P46Session 2 (Tuesday 13 January 2026, 14:10-16:40)A blind real-time capable binaural model for estimating subjectively perceived listening effort of normal-hearing and hearing-impaired listeners
Listening effort (LE) has become an established measure to assess communication situations that can provide more information for the perception of speech in situations, where speech intelligibility (SI) might be at ceiling. LE can be assessed using objective measurements as well as subjective ratings. LE and SI can be measured or assessed in hearing experiments and also predicted by models. Most models run offline on entire signals and may require clean source signals. Nevertheless, there can be cases where very frequent predictions might be required, such as in real-time applications. For example, a real-time model could be used in a hearing aid to automatically select the best algorithm at runtime to minimize induced LE. Usually, such applications have no source signals at hand, requiring them to work “blindly” on the ear signals only.

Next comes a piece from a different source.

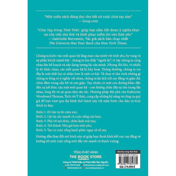 "Một cuốn sách đáng đọc cho bất cứ cuộc chia tay nào” “Chia Tay trong Tỉnh Thức  giúp bạn nắm bắt được ý nghĩa thực sự của việc tha thứ và khôi phục niềm tin vào tình yêu” - Gabrielle Bernstein, tác giả sách bán chạy nhất “The Universe Has Your Back” của New York Times Chúng ta bước vào mối quan hệ lãng mạn của mình với tình yêu, hy vọng và sự phấn khích mãnh liệt - chúng ta tìm thấy “người ấy”, vì vậy chúng ta cùng nhau lên kế hoạch và xây dựng tương lai của mình. Nhưng đôi khi, vì nhiều lý do khác nhau, các mối quan hệ bị hủy hoại. Thông thường, chúng ta coi đây là một thất bại cá nhân hơn là một cơ hội. Và thay vì tôn vinh những gì chúng ta từng có ý nghĩa với nhau, chúng ta lại tích trữ cay đắng và giận dữ, chìm đắm trong xấu hổ và oán giận. Tuy nhiên có một con đường khác dẫn đến sự kết thúc của một mối quan hệ - con đường chứa đầy sự tôn trọng lẫn nhau, lòng tốt và sự quan tâm sâu sắc. Phương pháp đột phá của Katherine Woodward Thomas, Tách rời Ý thức, cung cấp những kỹ năng và công cụ quý giá để bạn vượt qua địa hình thử thách này với năm bước chu đáo và kích thích tư duy: Bước 1: Đi tìm tự do cảm xúc; Bước 2: Lấy lại sức mạnh và cuộc sống của bạn; Bước 3: Phá vỡ mô thức, chữa lành trái tim; Bước 4: Trở thành Nhà giả kim tình yêu; Bước 5: Tạo ra cuộc sống hạnh phúc ngay cả về sau. Hướng dẫn thay đổi mô hình này sẽ giúp bạn thoát khỏi kết cục cay đắng và hướng tới một cuộc sống mới đầy sức mạnh và thịnh vượng. “Có rất nhiều trí tuệ, trái tim và sự hài hước trong cuốn sách này, bạn sẽ muốn đặt nó dưới gối khi ngủ. Katherine truyền đạt những điều đích thực - bạn sẽ thấy điều đó ngay lập tức và an lòng vì có một người bạn như vậy trên chặng đường này. Với khối óc, trái tim, thân thể và trí tuệ về các mối quan hệ được thu thập sau nhiều năm khám phá sâu sắc, Chia Tay trong Tỉnh Thức là cuốn sách mà bạn đang tìm kiếm để hướng dẫn bạn đến với sự tự do đích thực. Tôi yêu nó!” — Kathlyn Hendricks, Ph.D., đồng tác giả sách bán chạy nhất Conscious Loving and Conscious Loving Ever After của New York Times Thông tin tác giả KATHERINE WOODWARD THOMAS, MA, MFT, Tác giả của cuốn sách bán chạy nhất “Thu hút Người bạn đời Lý ưởng: 7 tuần Sáng tạo Tình yêu Đời bạn”; Nhà trị liệu hôn nhân và gia đình; đồng sáng tạo các khóa học trực tuyến cũng như các khóa đào tạo nhà khai vấn được chứng nhận của chương trình Thu Hút Bạn Đời Lý Tưởng và Quyền Năng Tính Nữ; Nhà sáng tạo ra quy trình “5 bước Chia Tay trong Tỉnh Thức” cùng khóa học trực tuyến và đào tạo các nhà khai vấn được chứng nhận thuộc chương trình cùng tên.

We propose a real-time, blind LE prediction model that uses block processing and accounts for binaural capabilities and hearing loss. The model consists of two stages: a binaural front-end and a monaural back-end. The front-end takes the ear signals as inputs and simulates hearing loss by adding threshold simulating noise. It then simulates spatial release of masking by simultaneously modeling binaural masking, using an Equalization Cancellation approach, and better ear listening. Thus, a binaurally enhanced single-channel signal is produced, which is then routed into the monaural back-end. The back-end uses a triphone classifier to make prediction on the subjectively perceived LE. The classifier outputs successive posterior probabilities for the set of known triphones. LE is then predicted by calculating a similarity measure over the course of consecutive posterior probabilities. Thus, lower similarity indicates lower LE, whereas greater similarity - potentially introduced by temporal smearing, e.g., through reverberation - indicates higher predicted LE.
The model was evaluated on data of subjectively perceived LE, measured using a novel real-time assessment method with normal-hearing listeners. It accurately predicted continuous, subjectively perceived LE (R² = 0.86) under conditions with varying signal-to-noise ratios (SNRs) and reverberation. Further evaluation of the model was conducted using stationary and modulated noise.